Records shown Block Start

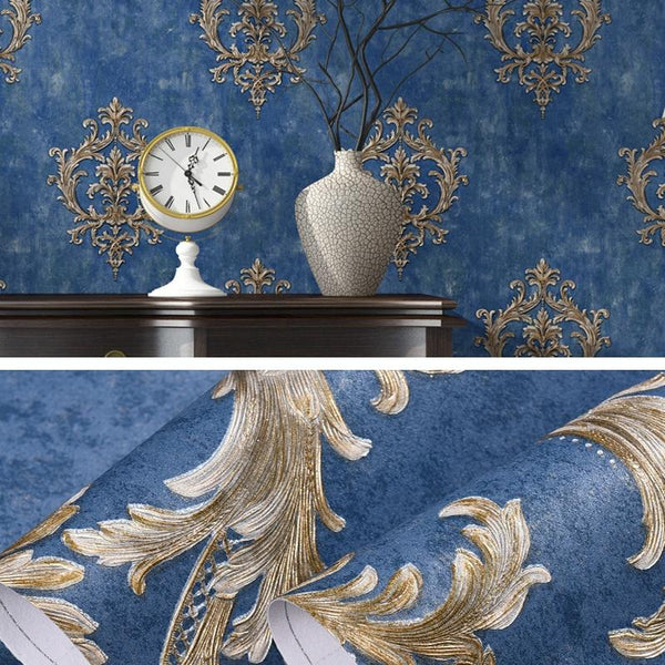 Damascus Self-Adhesive Embossed Wallpaper Thick 3D Non-Woven Fabric Fine Embossed Bedroom Wallpaper, Specification: 0.53 x 3 Meters(1685 Dark Blue)
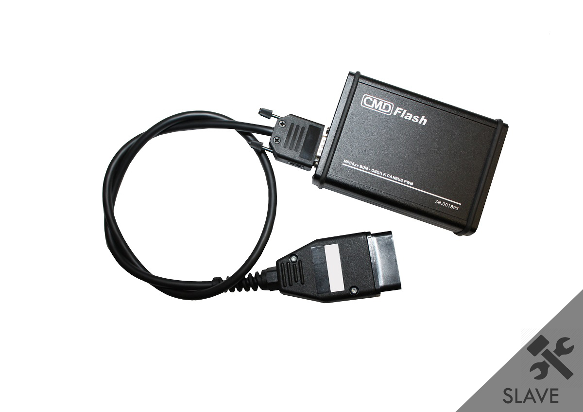 The CMD-Flash is a tool which allows you to have the OBD plug on the vehicle data from the control device to read and to write. The big advantage is that the control device doesn't have to be opened and no soldering is needed. All data exchange happens on the OBD connector.
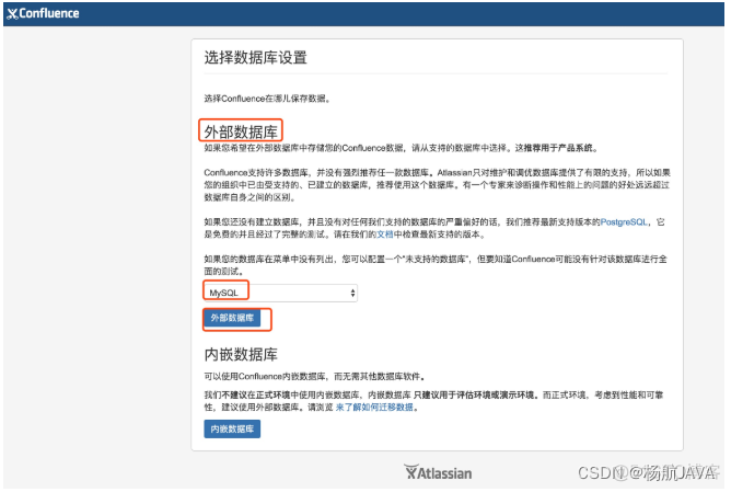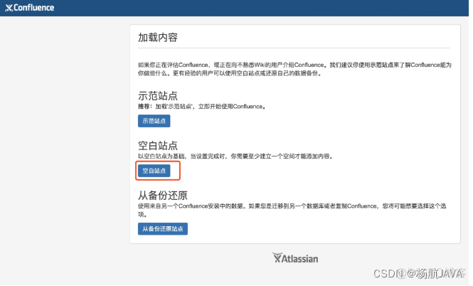 访问http://ip:8090/ 就可以看到Confluence的初始化和配置页面。
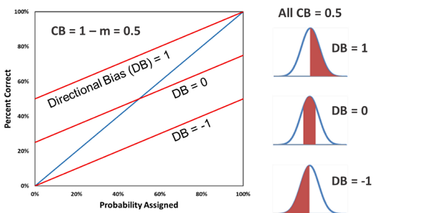 Directional bias (DB) is a quantitative measure that, for continuous probability assessments, indicates both the direction and degree of the shift of the estimated distribution relative to an unbiased distribution. DB is calculated from both WLS slope and WLS intercept, the slope and intercept, respectively, of the weighted-least-squares straight-line fit of the raw calibration curve. DB is also defined so that a value of zero is ideal. DB ranges from -1 (complete negative directional bias) through 0 (unbiased directionally) to 1 (complete positive directional bias). If the assessor has a personal stake in a value-based assessment (e.g., estimation of the future price of a stock which the assessor owns), then positive DB would be optimism bias and negative DB would be pessimism bias. If the assessor has a personal stake in a cost-based assessment (e.g., estimation of the cost to repair a car which the assessor owns), then negative DB would be optimism bias and positive DB would be pessimism bias. Additional details on the model for calculating confidence bias and directional bias can be found in McVay and Dossary (2014) and Alarfaj and McVay (2020).
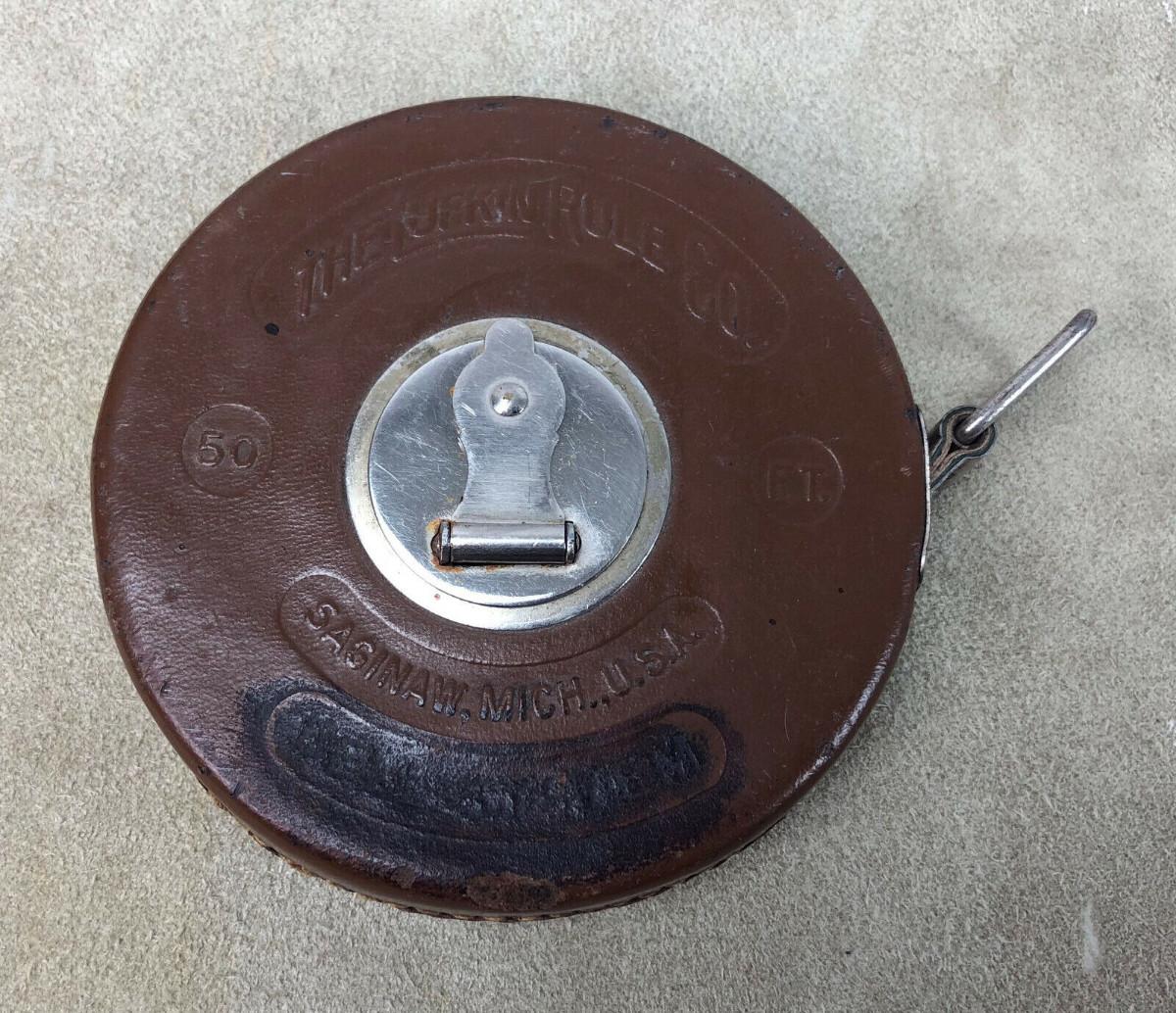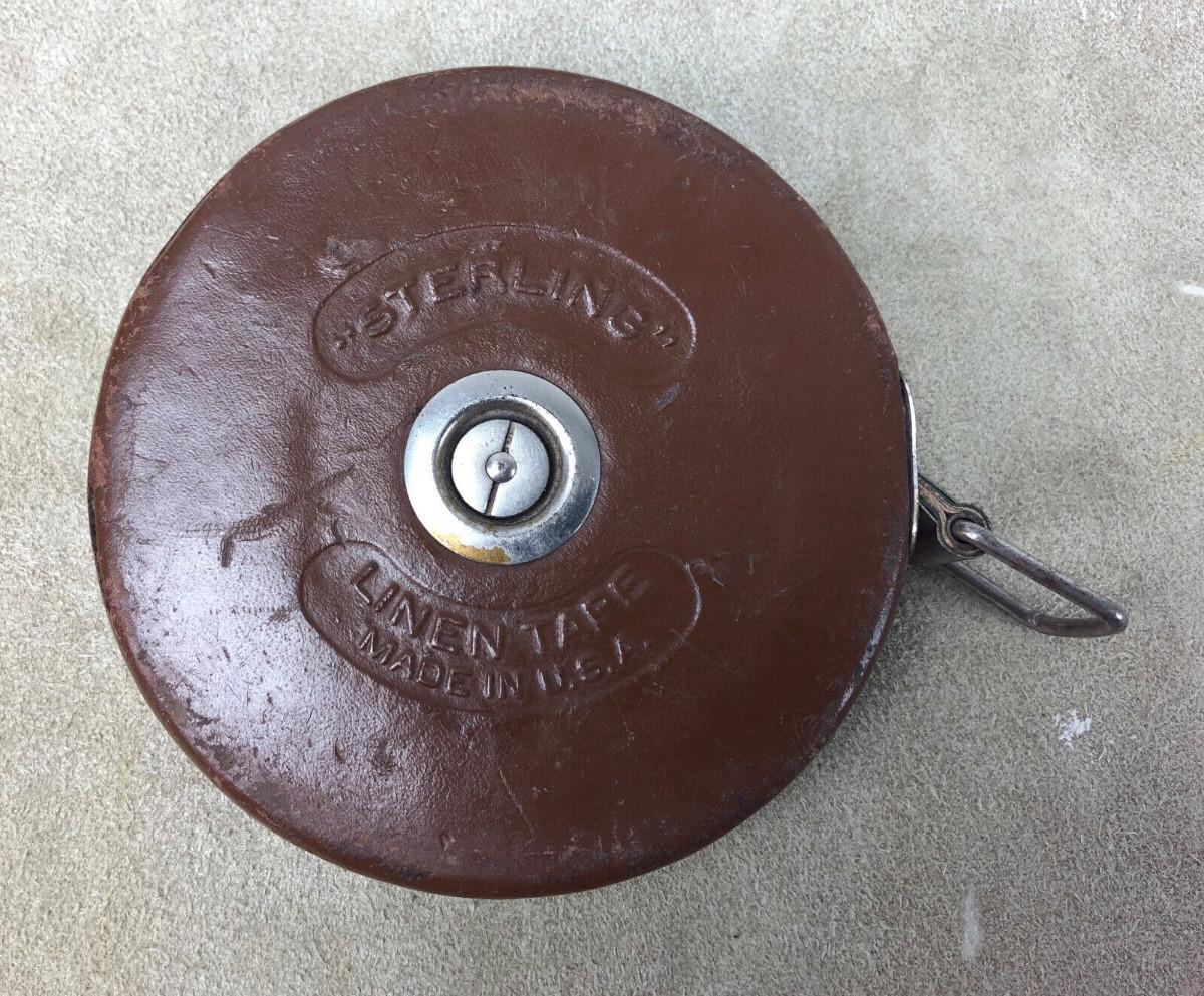 Here is a linesman's 50ft Non-Metallic Sterling Linen tape measure made for the BELL SYSTEM by the Lufkin Rule Co. of Saginaw, Michigan...Some normal use...Good condition..As shown...Retractable...This vintage measure is leather cased...Offered with no reserve...

Records shown Block End

## What is being asked
Set down, in exact form, only the lines that start at the one containing "访问http://ip:80" and finish at the last line of the material; pictures do not go in.

## Response
 访问http://ip:8090/ 就可以看到Confluence的初始化和配置页面。
 Directional bias (DB) is a quantitative measure that, for continuous probability assessments, indicates both the direction and degree of the shift of the estimated distribution relative to an unbiased distribution. DB is calculated from both WLS slope and WLS intercept, the slope and intercept, respectively, of the weighted-least-squares straight-line fit of the raw calibration curve. DB is also defined so that a value of zero is ideal. DB ranges from -1 (complete negative directional bias) through 0 (unbiased directionally) to 1 (complete positive directional bias). If the assessor has a personal stake in a value-based assessment (e.g., estimation of the future price of a stock which the assessor owns), then positive DB would be optimism bias and negative DB would be pessimism bias. If the assessor has a personal stake in a cost-based assessment (e.g., estimation of the cost to repair a car which the assessor owns), then negative DB would be optimism bias and positive DB would be pessimism bias. Additional details on the model for calculating confidence bias and directional bias can be found in McVay and Dossary (2014) and Alarfaj and McVay (2020).
 Here is a linesman's 50ft Non-Metallic Sterling Linen tape measure made for the BELL SYSTEM by the Lufkin Rule Co. of Saginaw, Michigan...Some normal use...Good condition..As shown...Retractable...This vintage measure is leather cased...Offered with no reserve...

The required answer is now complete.